The model and the weights trained in this last iteration will be used in the final evaluation that is presented in the remainder of this section.

Regarding the estimator performance, Fig. 9(a) shows the estimates obtained from the validation dataset. The x-axis represents the NPPS, and the y-axis represents the ESR. The black star markers denote the target points, i.e., the ground truth. The black dots denote the mean of the estimates. Finally, the coloured dots represent the estimates obtained for different images. Dots with the same colour belong to the same target value. The colour does not hold any special meaning. It is only used to ease the identification of different clusters. At first glance, it can be seen that the dots in the lower part of the graph form clusters that are smaller than in the upper part (i.e., where the dots are more spread). This indicates that the model estimations are more precise under short to moderate exposure conditions (i.e., ESR from 1 to 3) than under high conditions (i.e., ESR from 5 to 7). In other words, the estimations under short to moderate exposure conditions have a lower error. Consequently, different errors are obtained depending on the location of the target values in the space domain.

Fig. 9. NPPS and ESR estimates for the validation dataset.

Download Full Size | PDF

The error vector magnitude (EVM) is used to quantify the errors in the estimations. Figure 9(b) shows the EVM obtained at different points in the space domain. The areas coloured in red represent areas where the estimates have the greatest observed error considering their target values (i.e., EVM equals 1). On the other hand, the areas coloured in blue represent the areas with the lowest estimation errors. As it can be seen, the point (NPPS=6.5, ESR=6) has the highest estimation error, while the point (NPPS=5, ESR=1.5) has the lowest.

However, although this metric quantifies well the estimation error, it does not provide an in-depth analysis of the nature of the error made. Ultimately the EVM metric combines the error obtained in the NPPS and ESR dimensions. Therefore, it is necessary to analyze the NPPS and the ESR errors independently. For this purpose, Fig. 9(c) shows RMSE obtained for the NPPS and Fig. 9(d) the RMSE for the ESR, respectively. In both cases, the RMSE values vary from 0 (blue) to 1 (red). These graphs reveal that the model can estimate the NPPS more accurately than the ESR. The ESR estimation errors contribute highly to the EVM.

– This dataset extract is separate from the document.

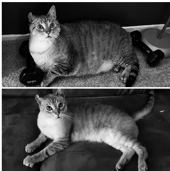
до и после похудения

Сидячий образ жизни, недостаточная физическая активность и несбалансированное питание считаются наиболее распространенными причинами ожирения, одной из самых серьезных проблем современности. Порой избавление от лишних килограммов может стать настоящей пыткой. В основном потому, что на интернет-сайтах и рекламных плакатах часто демонстрируются недостижимые идеалы мужской и женской красоты, а также часто публикуются нереальные фотографии результатов похудения за короткий период времени.

Examining the EVM map in detail, it is observed that the errors are greater as the ESR increases, which is in line with the expected behaviour of the network. The longer the exposure time, the more severe distortion affects the received signal.

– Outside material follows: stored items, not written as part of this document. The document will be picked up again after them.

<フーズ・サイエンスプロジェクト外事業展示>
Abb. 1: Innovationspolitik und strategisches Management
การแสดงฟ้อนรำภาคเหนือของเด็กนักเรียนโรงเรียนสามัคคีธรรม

On the other hand, the errors also increase with the NPPS. This seems to contradict the expected behaviour, since increasing the redundancy per symbol (higher NPPS) should help the network at estimating the output parameters. However, the opposite seems to be happening. The reason behind this lies in the fact that the dimensions of the network’s input image are fixed to 256x64x1 pixels. Hence, the samples of the transmitted signal correspond just to 256 pixel rows. Consequently, increasing the redundancy of symbol samples comes at the cost of reducing the number of different symbols that fit inside the image. In other words, increasing the redundancy reduces the variability of the signal samples. For instance, for NPPS equal to 7, the number of symbols within the image is approximately 36 (36 = 256 / 7), while for NPPS equal to 4, this number is 64. As a consequence, for higher NPPS, the network might deliver estimates that greatly deviate from their target value, estimation outliers. For example, in Fig. 9(a) can be seen a few purple-coloured dots around the coordinates (NPPS=6.5, ESR=3.5) when they should be located near their target point (NPPS=6.5, ESR=6). Nevertheless, these outliers represent a rare case. For this particular target point (NPPS=6.5, ESR=6), only four estimates of 85 fall in a region far distant from their target point. Furthermore, it is experimentally validated that these outliers are generated systematically and predictably. They appear when the transmitted payload bitstream has a considerable number of ‘01’ or ‘10’ bit sequences chained together (e.g. ‘01010101$\cdots$’). This causes the final transmitted signal, which is Manchester encoded, to be confused with another one generated with half the actual clock frequency. This is a classical problem in traditional clock recovery systems based on Manchester encoded systems, which is solved by inserting packet preambles or by sending pilot clock signals. Definitely, the estimator might be confused when facing those rare cases, which are more likely to appear when the NPPS is higher, due to the fixed size of the input image. These outliers can be avoided by changing the proposed bit stuffing technique to prevent the presence of ‘01’ or ‘10’ bit sequences or by inserting packet preambles.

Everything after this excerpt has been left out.